The boundaries are well-defined: the boundary between the 1st and 2nd quintile is the wealth at which exactly twenty percent of the population fall below it. The parallel boundary, between the 4th and 5th quintile, is the wealth at which 20% exactly twenty percent of the population falls above it. The “middle class” is the population between those two thresholds.
Here’s an interesting exercise. Consider a population of ten people and total wealth of $1M. One of those ten (let’s call him “Ralph”) has $991,000.
The other nine people have $1,000 each.
Each quintile in this example has exactly 2 people in it. The top quintile, including Ralph, has $992,000. The other four collapse — there is no “middle class” in this example. The distribution among everyone except Ralph can be manipulated however we like, it’s not going to change anything.
In a similar way, we have destroyed the middle class by creating a wealth concentration where the top quintile has so much of the wealth that the other divisions just don’t matter very much (less extreme than my example, but the principle is the same).
Regarding your last question — “What declined”? — the best explanation I know was laid out very persuasively by Elizabeth Warren at a Jefferson Lecture (at UC Berkeley) in 2007.
It really IS vital to understand what happened — how the middle class was destroyed.
In 2007, Ms. Warren called it “The coming collapse of the middle class”. Today, ten years later, it has arrived.

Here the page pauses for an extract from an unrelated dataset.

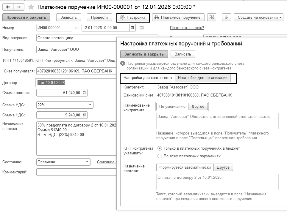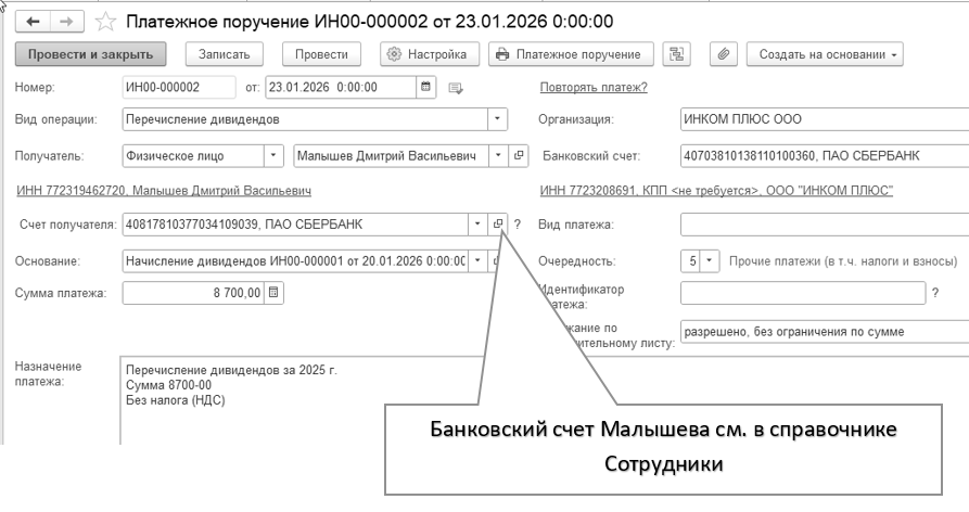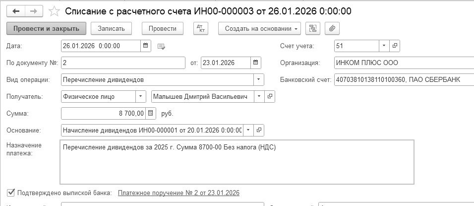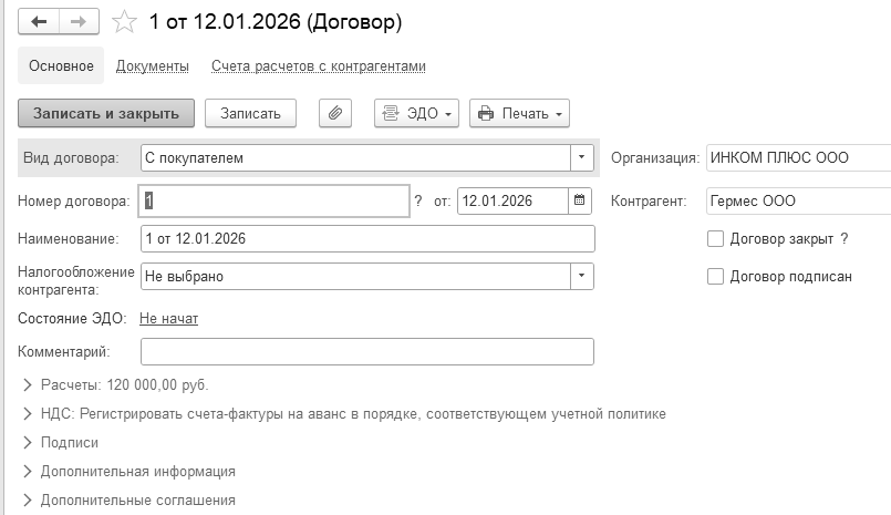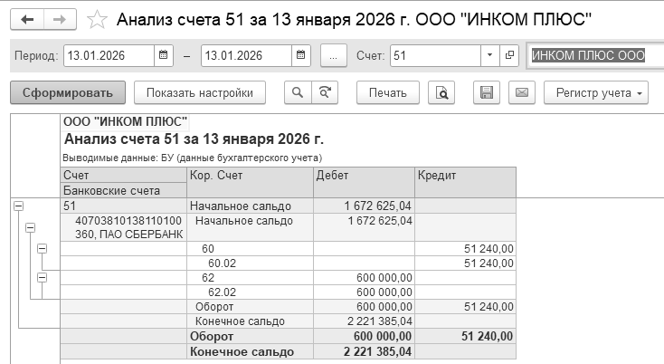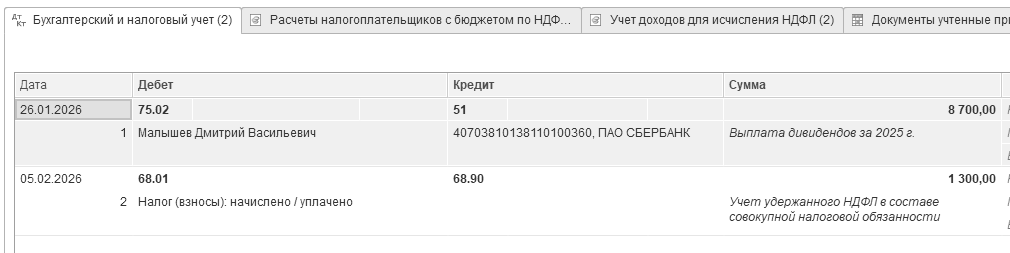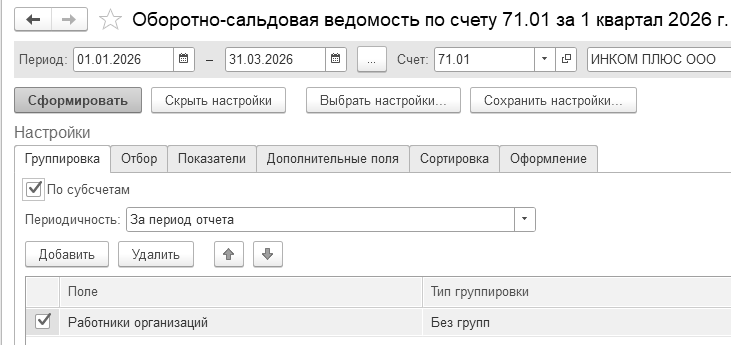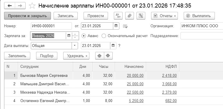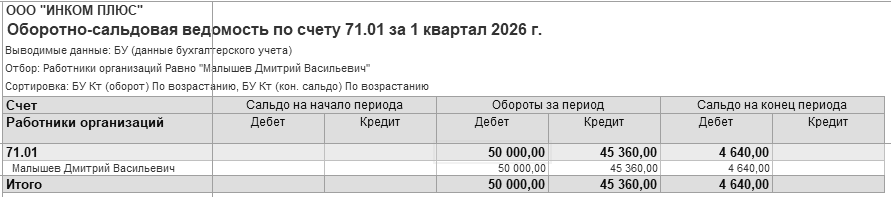 26.01.2026 года работник Малышев Д.В. командирован в Астрахань для согласования графика поставки товаров сроком на 5 рабочих дней. Перед командировкой Малышеву Д.В. 26.01.2026 года был выдан аванс в сумме 12 000 руб. (РКО в базу уже занесен). Учетной политикой установлен размер суточных 100 рублей.

Her key metric (~26:00 – 27:10) is fixed expenses as a share of income:
In the remainder of this marvelous piece, Ms. Warren explains in concrete terms what this means.
HR's Kevin says
I am not questioning that there have been declines but I really just wanted to know exactly what was being claimed by the pollster in question. It is hard to know how to quantify how such declines will affect the electorate when the people affected and the nature of the decline has not been specified.
kbusch says
Economic theory, in general, concludes that free trade is better than protectionism: it causes more activity and lowers the costs of goods. Protecting, say, American clothing manufacturers with rules or tariffs means everyone, rich and poor, pays more for clothing.
The downside in the U.S. is that we have an anemic welfare state. So when the global economy throws a ton of American workers out of their jobs, nothing catches them, retrains them, and readies them for a different line of work. As a result, the economic churn induced by free trade causes excessive hardship. (Remember though, free trade is not the only thing that induces economic churn.)
That, and the undue political power of those with wealth means that the rules that get baked into trade agreements benefit the 0.1% unfairly.